Combine semantic and keyword search:

from embedchain.vectordb.chroma import ChromaDB

# Enable hybrid search
vectordb_config = {
    "hybrid_search": True,  # semantic + keyword
    "bm25_weight": 0.3,     # keyword weight
    "semantic_weight": 0.7  # semantic weight
}

app = App(vectordb_config=vectordb_config)

Deploying it

Simple web UI

Embedchain comes with a built-in UI:

from embedchain import App

app = App()

# Start web interface
app.run()  # opens at http://localhost:5000

FastAPI backend

For production deployments:

from fastapi import FastAPI, HTTPException
from pydantic import BaseModel

app_api = FastAPI()
chatbot = App()

class Query(BaseModel):
    question: str

@app_api.post("/chat")
async def chat(query: Query):
    try:
        response = chatbot.query(query.question)
        return {"answer": response}
    except Exception as e:
        raise HTTPException(status_code=500, detail=str(e))

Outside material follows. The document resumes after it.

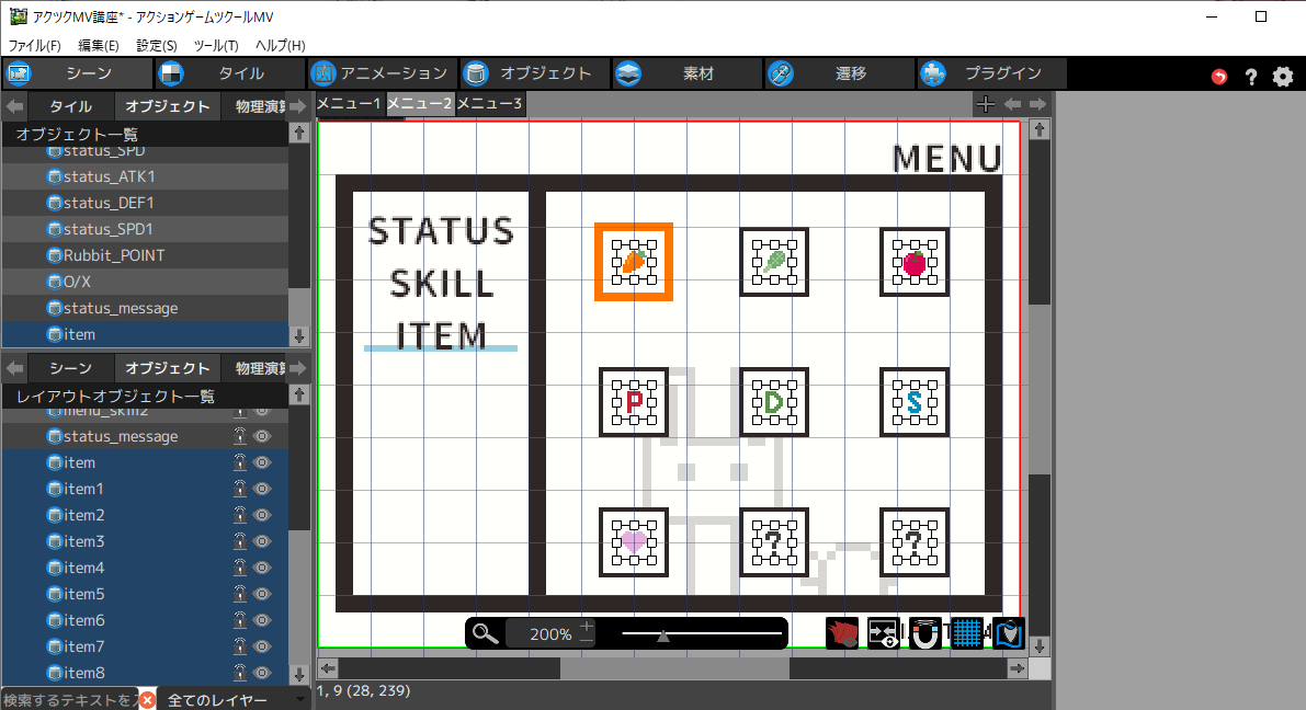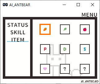 図のように9個のアイテム欄がある場合、それを表示する9個のオブジェクトを用意する必要があります。 アイテムを固定せずに、拾った順番に表示させようとすると、[アイテムの種類]×[枠]通りのアイコンを表示させる処理を作る必要があります。 また、カーソルの位置と、その位置にあるアイテムの種類を条件に、そのアイテムを使った時の処理をするオブジェクトを作る必要があります。 アイテムの場所入れ換え、ソートまで考慮すると、プログラムで作るよりも複雑かもしれません。

# Run with: uvicorn main:app_api --reload

Docker deployment

# Dockerfile
FROM python:3.9-slim

WORKDIR /app
COPY requirements.txt .
RUN pip install -r requirements.txt

COPY . .
CMD ["python", "app.py"]

# Run
docker build -t embedchain-bot .
docker run -p 5000:5000 -e OPENAI_API_KEY=xxx embedchain-bot

Stuff that didn't work

Poor retrieval

Answers were irrelevant or missing info.

# Fixed by
1. Adjusting chunk size (500 → 800)
2. Increasing overlap (50 → 100)
3. Enabling hybrid search
4. Adding more relevant documents

Slow ingestion

Large PDFs took forever to process.

# Fixed by
1. Using async ingestion
2. Processing in batches
3. Switching to faster vector DB (Pinecone)
4. Pre-splitting huge documents

Hallucinations

Making stuff up that wasn't in the docs.

# Fixed by
1. Adding "don't make things up" to system prompt
2. Lowering temperature (0.7 → 0.3)
3. Requiring citations (shows sources)
4. Using GPT-4 instead of 3.5

Memory issues

ChromaDB ate all my RAM with lots of docs.

# Fixed by
1. Switching to Pinecone (cloud-based)
2. Purging old embeddings
3. Limiting document size before ingestion

Embedchain vs alternatives

Embedchain LangChain LlamaIndex
Learning curve Easy Steep Moderate
Setup time Minutes Hours Hours
Code required Minimal Lots Moderate
Data sources Built-in Manual loaders Manual loaders
Chunking Auto Manual Auto (advanced)
Customization Good Excellent Excellent
Best for Quick RAG apps Complex workflows Advanced indexing

Embedchain is the fastest way to get a RAG app running. LangChain and LlamaIndex are more powerful if you need custom stuff.

Would I recommend it?

Yeah, if you need to build a chatbot on your own data and don't want to spend weeks on it. Embedchain handles all the annoying parts - chunking, embeddings, retrieval, storage.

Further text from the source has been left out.